Brown may ride out EU treaty storm
LISBON (Reuters) — Prime Minister Gordon Brown faces an uproar in Britain over his refusal to allow a referendum on Europe's new treaty, but analysts expect him to stick to his guns in the hope that the row will subside by the next election.
Right-wing British newspapers labelled Brown a "traitor" for agreeing to a European Union treaty on Friday that they say hands over extensive British powers to Brussels, while refusing to allow Britons a vote. The opposition Conservatives accuse Brown of breaking a promise made by his predecessor Tony Blair in 2005 to call a referendum on the now defunct EU constitution.
Charles Grant, director of the Centre for European Reform, a London think-tank, believes Brown will hold firm in resisting calls for a referendum.
"It will be difficult for Gordon, but I think he can face down the popular press and I think he will. If he caved in, he would look incredibly weak," Grant told Reuters.
Richard Whitman, politics professor at the University of Bath, also believes that Brown will not give way on the referendum. "It would become a vote on Gordon Brown rather than on the reform treaty," he said.
The Conservatives, newly confident after Brown gave up any idea of an early general election this month when the Conservatives surged in the opinion polls, will continue to use the referendum as a stick to beat Brown with, Whitman said. The Conservatives are using the issue to portray Brown as a devious politician who is not to be trusted.
Brown, who took over from Blair in June, resists a plebiscite on the grounds that the treaty is less ambitious than the old constitution, rejected by French and Dutch voters.

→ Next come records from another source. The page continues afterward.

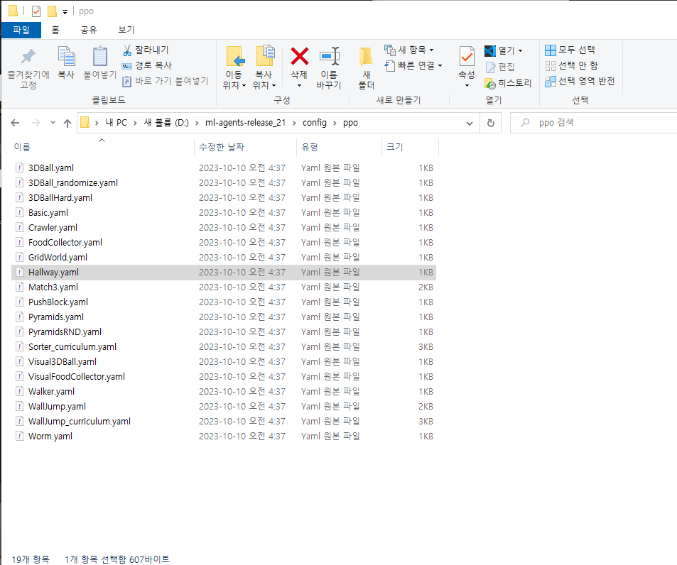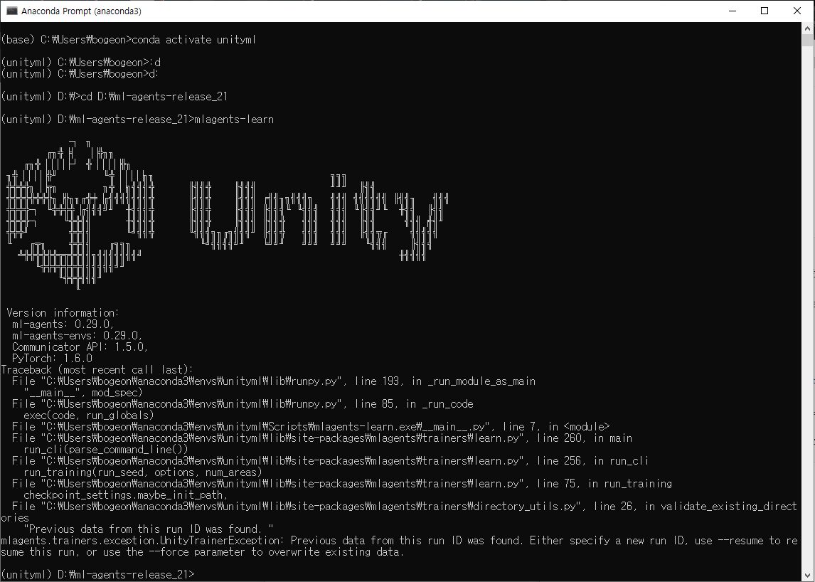 mlagents-learn "D:\ml-agents-release_21\config\ppo\Hallway.yaml" --run-id=test(이름) --force
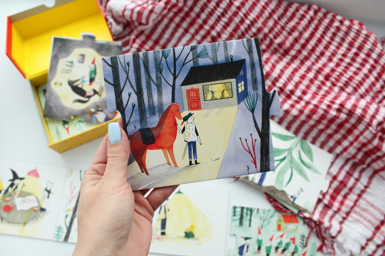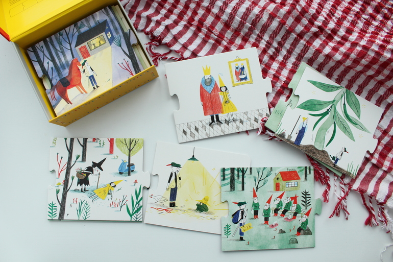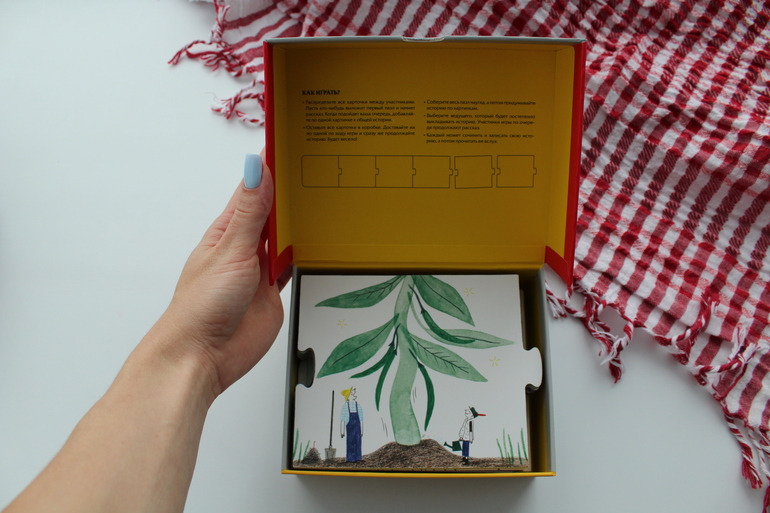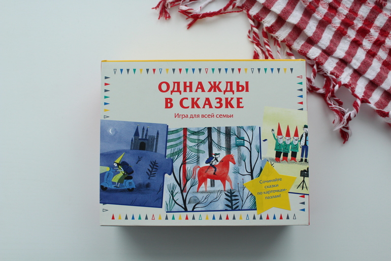 Эта игра уже для более молодых игроков - от 3 лет и старше. Она имеет дидактическую направленность: не секрет, что составление связного рассказа по картинке является важным навыком, вызывающим затруднение у многих детей. Эта игра предлагает формировать данный навык, сочиняя множество новых сказок.
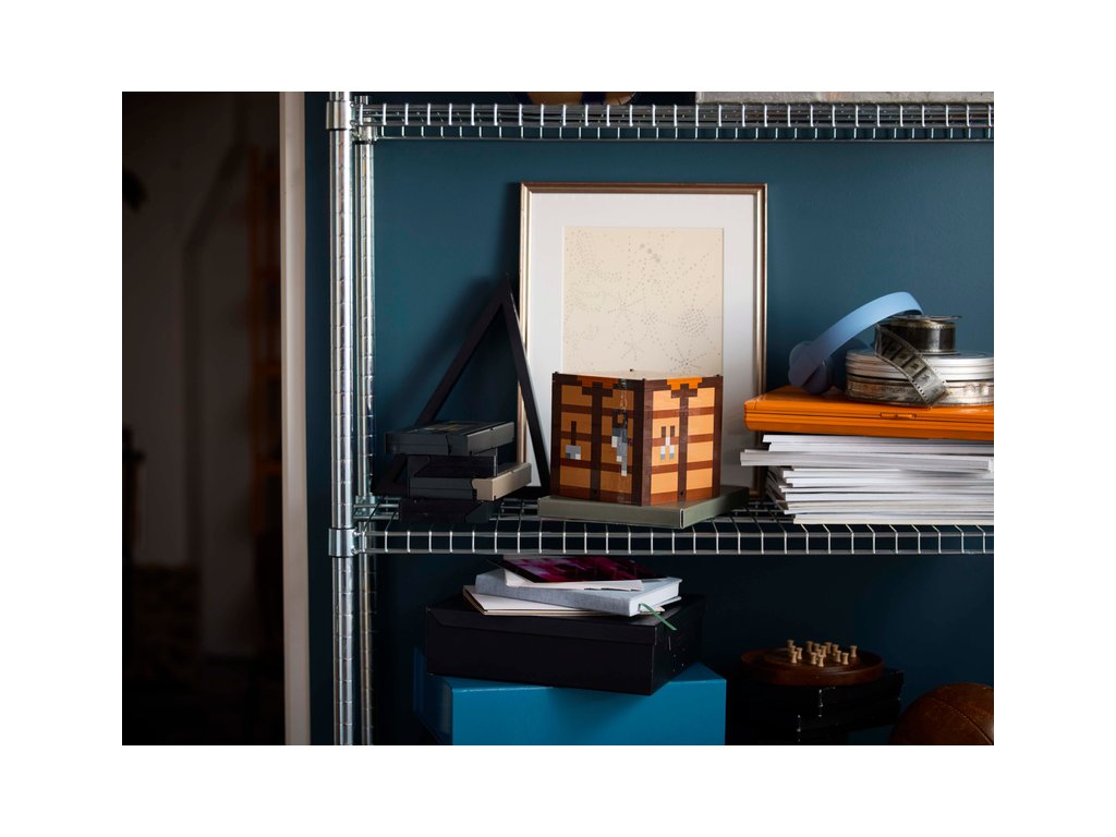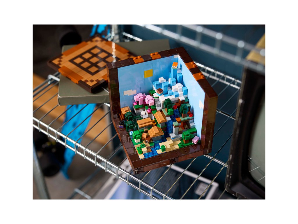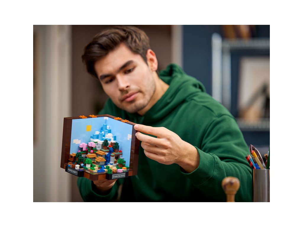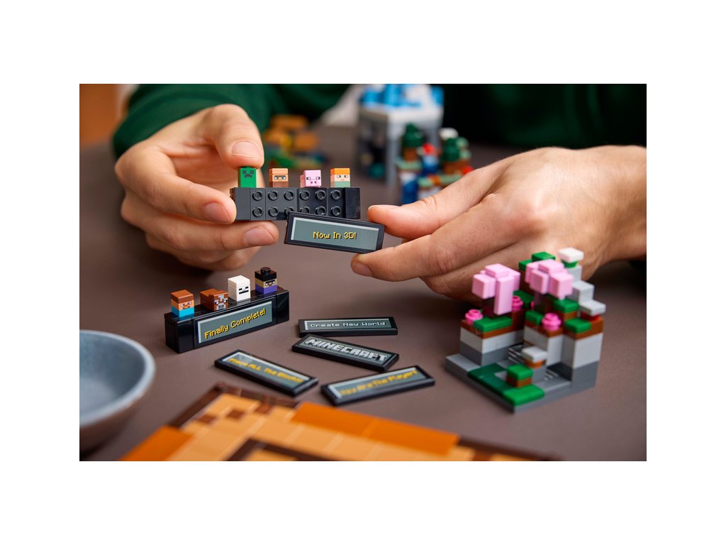 Tato stavebnice ztvárňuje legendární pracovní stůl z oblíbené videohry. Součástí je 5 mini modelů s 12 biomy z Minecraftu, včetně tajgy s krápníkovou jeskyní, pláně s vesnicí, ledových hrotů s iglú, třešňového háje s opuštěnou důlní šachtou a Deep Dark se zarostlou jeskyní. Nechybí 8 mikrofigurek: Steve, Alex, kostlivec, čarodějnice, Creeper™, vesničan, kráva a prase. Mini modely a mikrofigurky lze odpojit od hlavního modelu a stavebnici si tak upravit a vystavit různými způsoby. Na přední stranu tohoto modelu inspirovaného Minecraftem lze nalepit samolepky se známými hláškami ze hry. Aplikace LEGO Builder obsahuje digitální verzi návodu na stavění, který je součástí stavebnice.
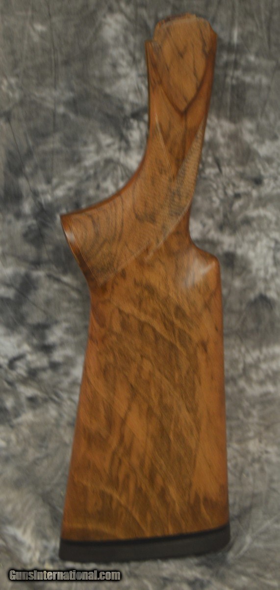 Description: New Perazzi MX8 Sporting Stock, Standard Grade (for Removable Trigger on 12GA Action). Stock is manufactured for a flat rib model MX8 with the following dimensions: 1 1/2" DAC 2 1/4" DAH 14 3/4" LOP with No Palmswell, standard right hand cast. Must be fit by qualified gunsmith, buyer is responsible for fitting. SOLD |
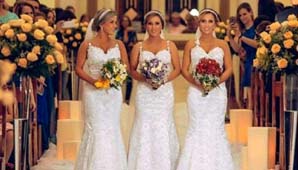Brasil, 7 de abril.- Entraron a la Iglesia y caminaron hacia el altar mientras parecían una persona triplicada. Se trata de Rafaela, Rochele y Tagiane Bini, unas trillizas brasileñas que se casaron al mismo tiempo y usando el mismo diseño de vestido, el mismo peinado y hasta el mismo maquillaje.
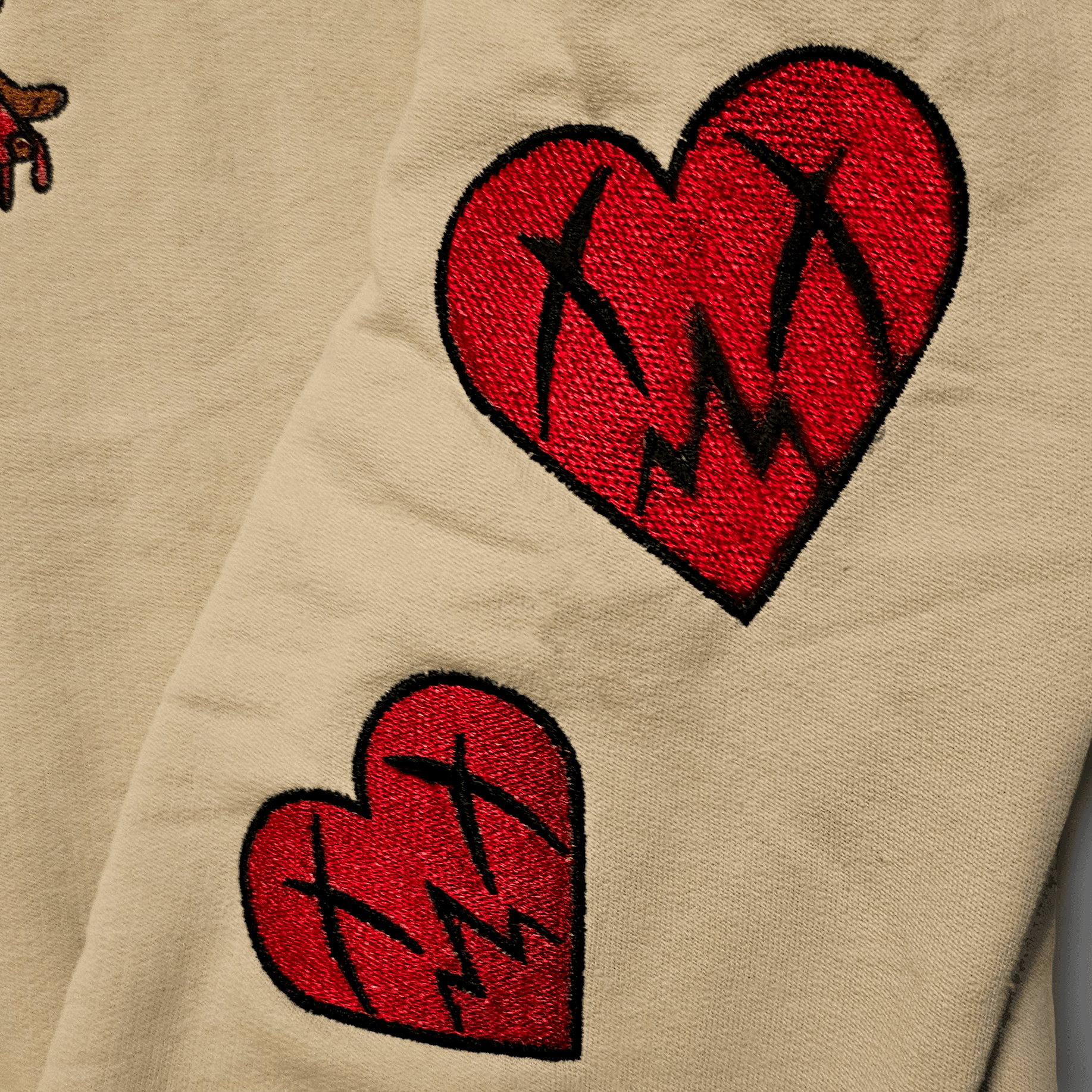 Based on the “Gift of the 808” illustration, each Bleeding Heart sweatshirt is made to order with several embroidered graphics. Embroidered images are featured on the left breast, the left sleeve, along the bottom of the front shirt panel, and the back of the collar. Each order will also include a limited edition foil trading card of “Gift of the 808”.
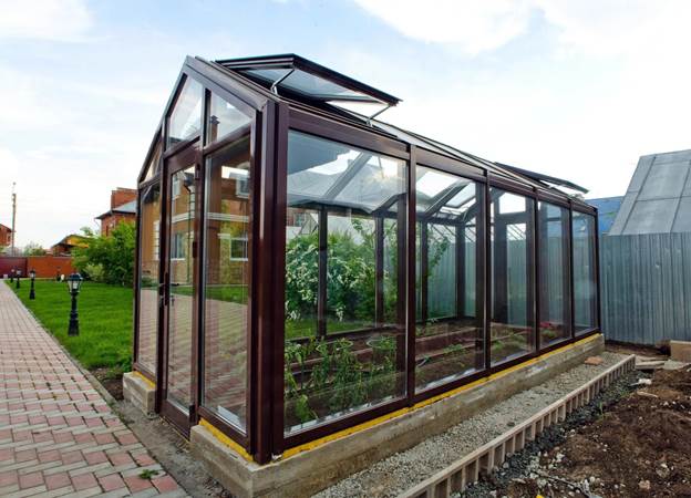 - Verre. Matériau populaire pour la construction de serres. Il présente les avantages suivants: il transmet la lumière du soleil, une bonne isolation thermique, tolère les changements de température, une longue durée de vie, une belle apparence. Avec les avantages, il y a de nombreux inconvénients: lourds, à cause desquels vous devez installer un cadre puissant, fragile aux dommages mécaniques, longue installation.
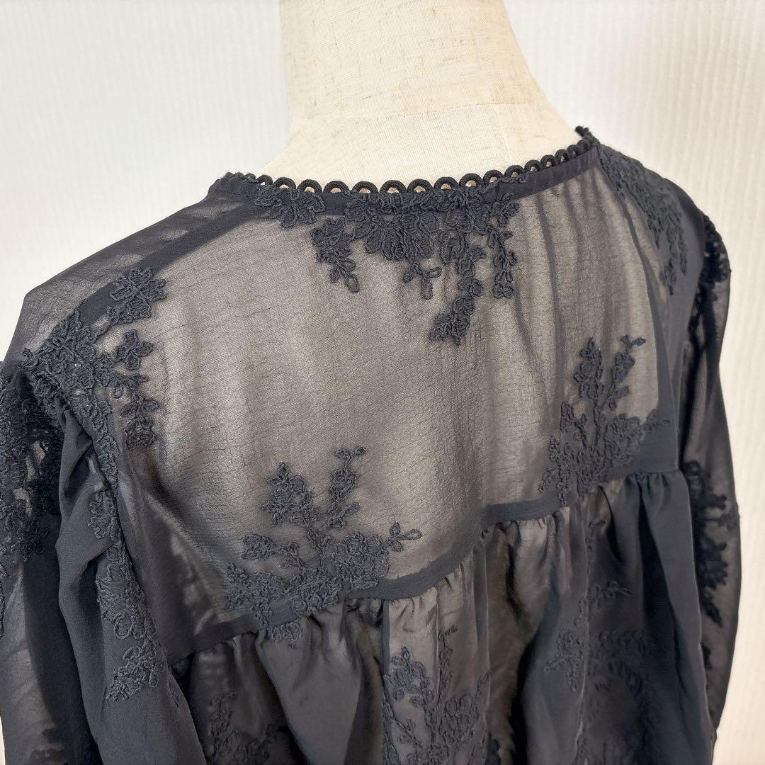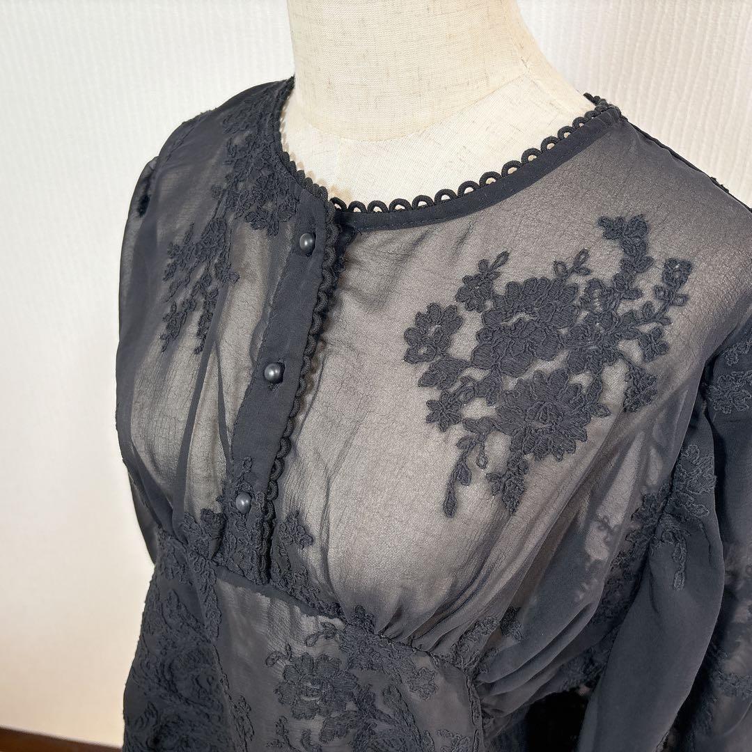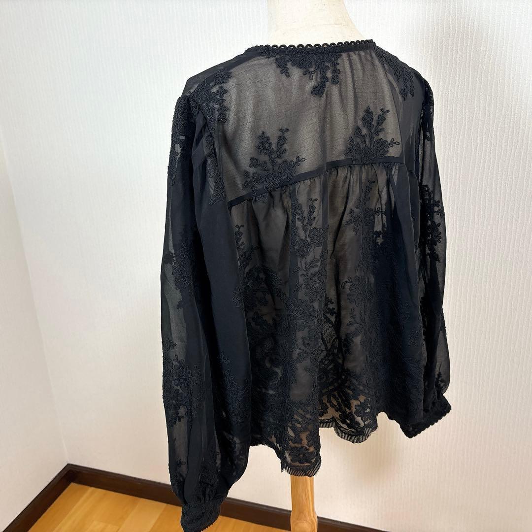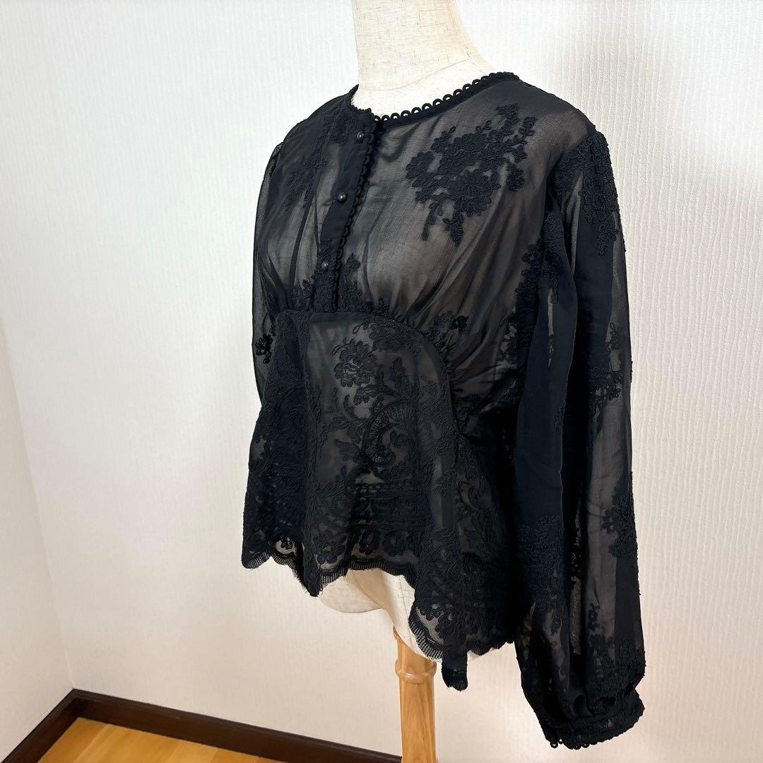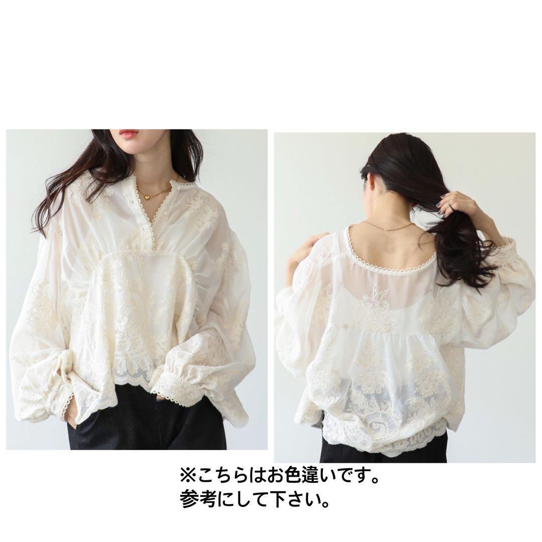 繊細なシアー感が大人っぽいフラワーレースブラウス。総レース素材で、すっきりとしたノーカラーデザイン。コロンとしたマッドなブラックボタンも可愛いです。オケージョンシーンにも活躍◎デニムと合わせるのもおすすめです。
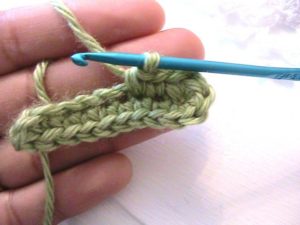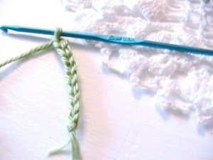 - Изработва се въздушна верига от 7 примки и един край - повдигащ.
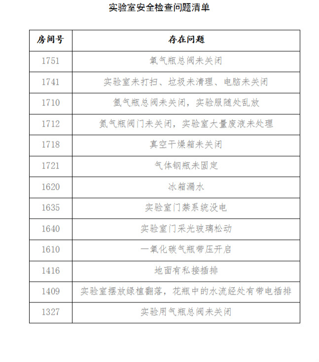 检查组采取逐个房间过、逐个点位查的方式,通过实地查看、亲身操作,先后对公司各楼层科研实验室、化工楼小三层、公共区域,进行包括实验场所安全,安全设施、基础条件安全,实验气体、压力容器管理等内容的细致检查。检查发现,绝大多数实验室对安全管理比较重视,基本能达到疫情期间实验室关闭安全管控标准,但还存在部分实验场所卫生打扫不彻底、物品摆放凌乱、实验气瓶阀门未关闭、插排未断电、少数人员做实验不戴护目镜等突出问题。
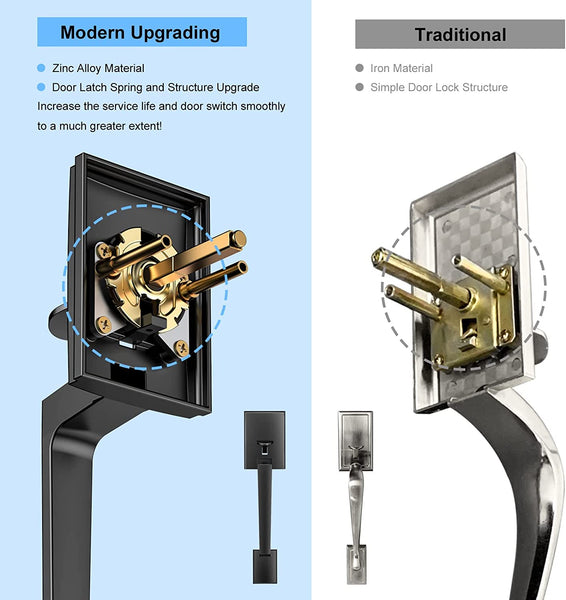 MODERN UPGRADING HANDLE SET with Lever: Our Modern Deadbolt Set with Zinc alloy material and door latch spring and structure upgrade, DIFFERENT FROM TRADITIONAL STYLE),increase the service life and door switch smoothly to a much greater extent!

He argues that safeguards won by Britain in the negotiations protect Britain's national interests. Opponents dispute this.
Brown will ask Parliament to ratify the treaty early next year, kicking off months of stormy debate. Although there will be some rebels in Brown's Labour Party, analysts say Brown has a strong enough majority in parliament to get the treaty through. Grant said he expected Britain to ratify the treaty by next April or May, leaving a year for the controversy to fade before a general election which many analysts now expect Brown to call in May 2009.
The Sun, Britain's biggest selling daily tabloid, promised on Friday to keep fighting for a referendum right up to the next election, accusing Brown of "an act of betrayal which will haunt the prime minister for the rest of his political days".
The Sun's endorsement was seen as key to Blair's three election wins and Brown will not dismiss its warning lightly. As the debate over the treaty has grown more strident, the Conservatives have used Second World War imagery, likening Brown's safeguards to the Maginot line, the anti-tank barrier that failed to stop Germany invading France in 1940. Brown too has wrapped himself in the flag, referring to "national interests" 19 times during a press conference at an EU summit in Lisbon on Thursday.
He now wants to close the chapter on what his foreign secretary, David Miliband, referred to as "navel gazing" by the EU, and to focus on issues he thinks have more resonance with voters such as jobs and the environment. He said EU leaders agreed at the summit to rule out further institutional change in the EU for years to come.
A poll in the Financial Times this week indicated three-quarters of Britons wanted a referendum on the treaty. More than 100,000 people have backed a campaign for a referendum by the Daily Telegraph. Aside from the question of whether Brown should hold a referendum, many Britons see the treaty as ceding too much sovereignty to Brussels.
But the government is banking on its belief that Europe does not rank high in British voters' concerns. In any case, analysts say that the risks to Brown from agreeing to a referendum could be worse. British voters could well reject the treaty, alienating other European leaders who feel they have bent over backwards to accommodate British concerns. That could lead to pressure for Eurosceptic Britain to leave the EU, Grant said.
"I believe if Britain is not able to ratify that treaty we couldn't stay in the EU," he said.